== EXERCISE INSTRUCTIONS ==
The task for the listing below is to write out exactly the lines starting at the one containing "云上嘉鱼报道(全媒体记者郭辉" and ending at the one containing "470 (最大5.2GHz/12コア/24スレッド) |", both included. Pictures are to be omitted.

== TASK INPUTS ==
———

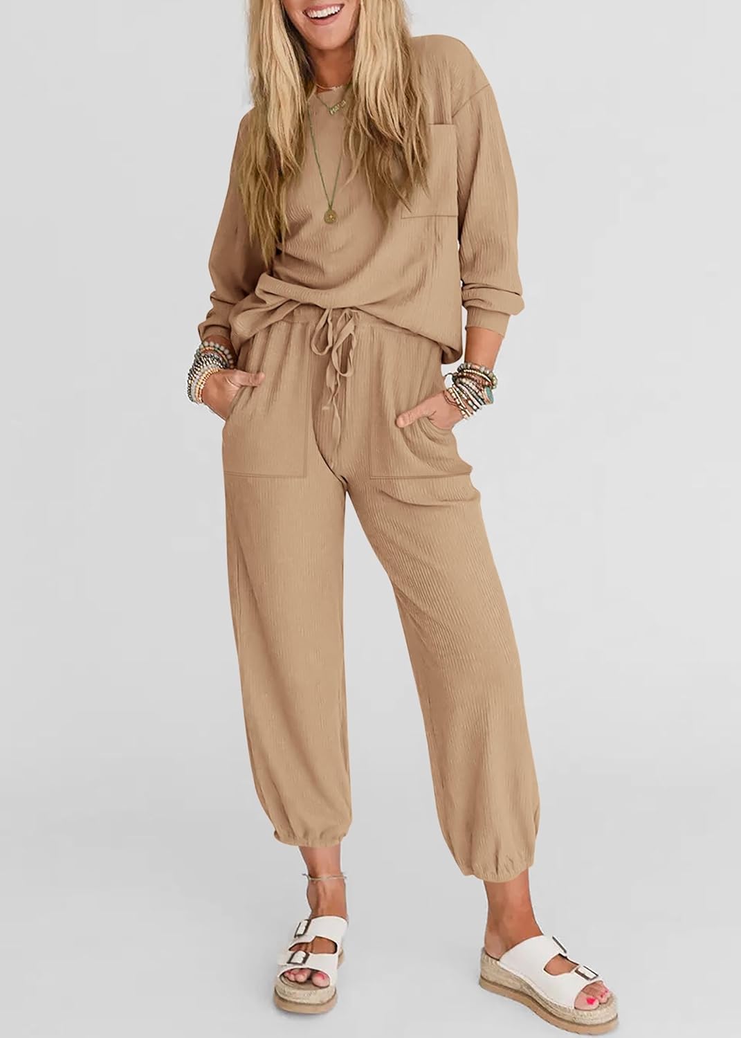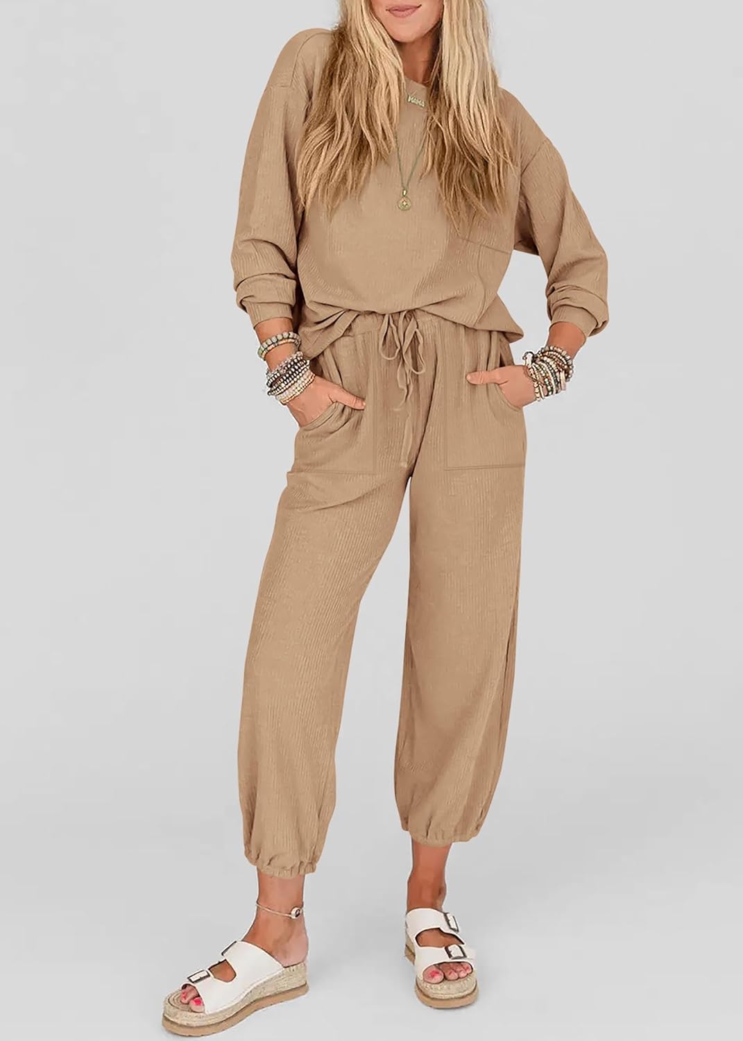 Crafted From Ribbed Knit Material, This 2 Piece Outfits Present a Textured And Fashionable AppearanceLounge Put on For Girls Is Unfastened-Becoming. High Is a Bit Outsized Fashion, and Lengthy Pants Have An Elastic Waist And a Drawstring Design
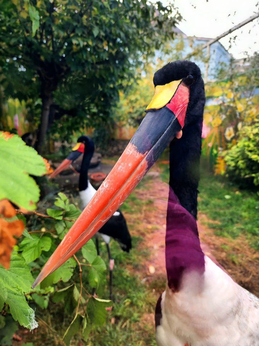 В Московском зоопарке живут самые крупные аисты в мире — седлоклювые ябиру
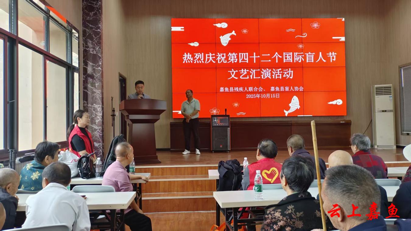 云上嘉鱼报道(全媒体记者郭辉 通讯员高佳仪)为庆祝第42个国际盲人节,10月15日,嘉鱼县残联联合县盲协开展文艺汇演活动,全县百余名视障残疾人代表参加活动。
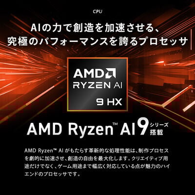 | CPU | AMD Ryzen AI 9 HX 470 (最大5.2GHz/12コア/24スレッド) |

———

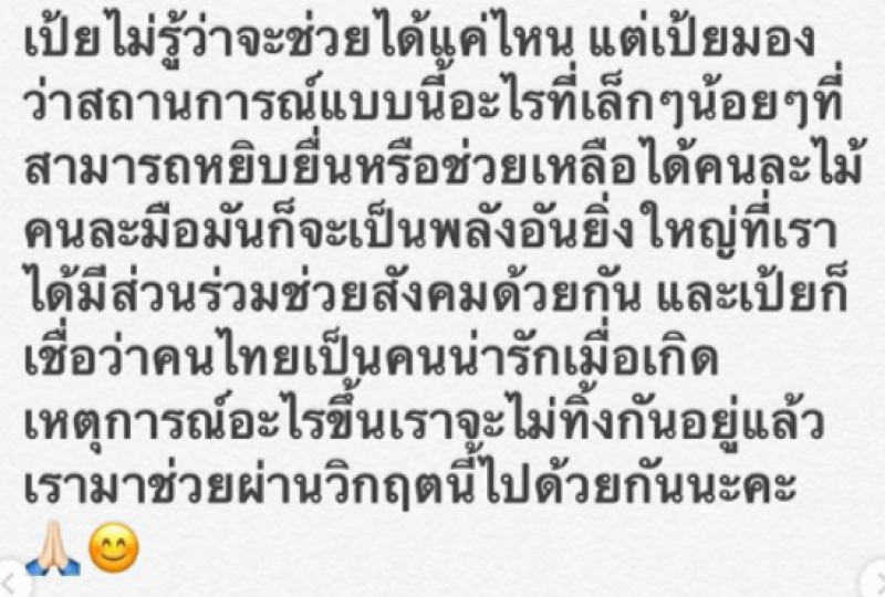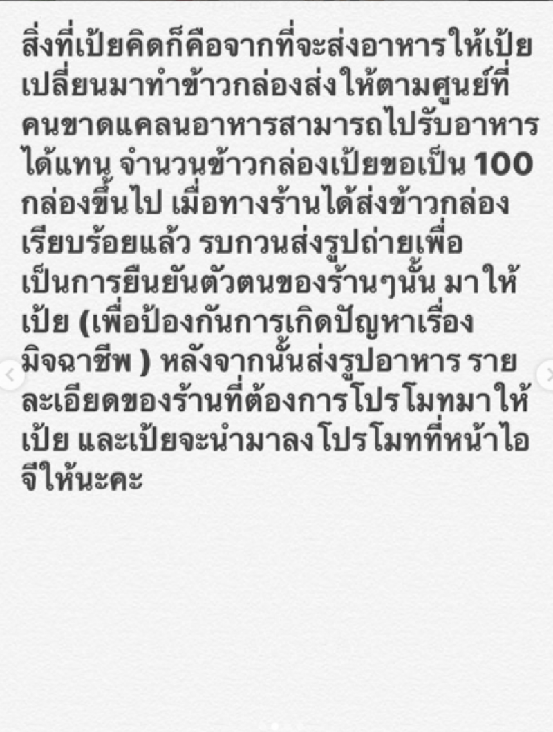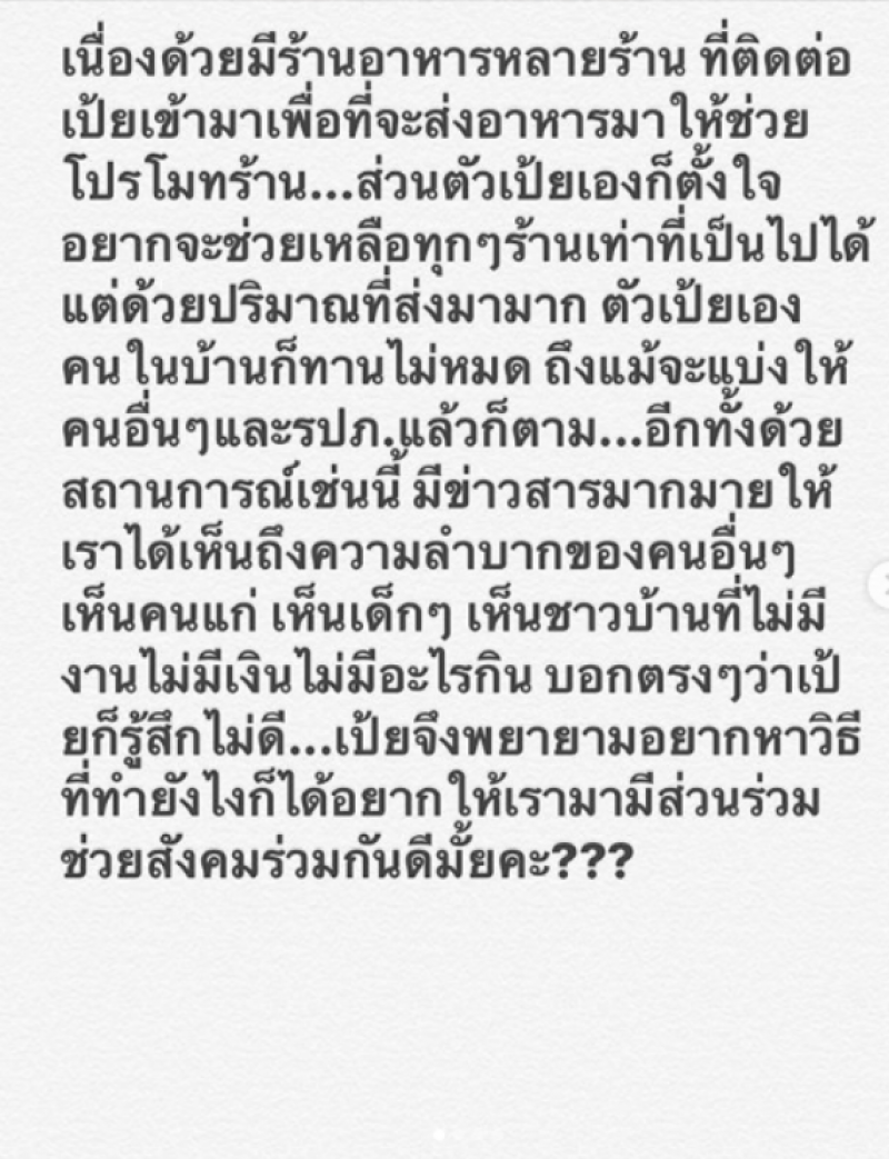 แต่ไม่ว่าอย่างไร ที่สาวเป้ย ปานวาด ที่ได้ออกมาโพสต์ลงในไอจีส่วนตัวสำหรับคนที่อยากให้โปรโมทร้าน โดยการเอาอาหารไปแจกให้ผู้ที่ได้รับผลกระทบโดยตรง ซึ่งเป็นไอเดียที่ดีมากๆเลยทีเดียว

———

== ANSWER TO THIS EXERCISE ==
 云上嘉鱼报道(全媒体记者郭辉 通讯员高佳仪)为庆祝第42个国际盲人节,10月15日,嘉鱼县残联联合县盲协开展文艺汇演活动,全县百余名视障残疾人代表参加活动。
 | CPU | AMD Ryzen AI 9 HX 470 (最大5.2GHz/12コア/24スレッド) |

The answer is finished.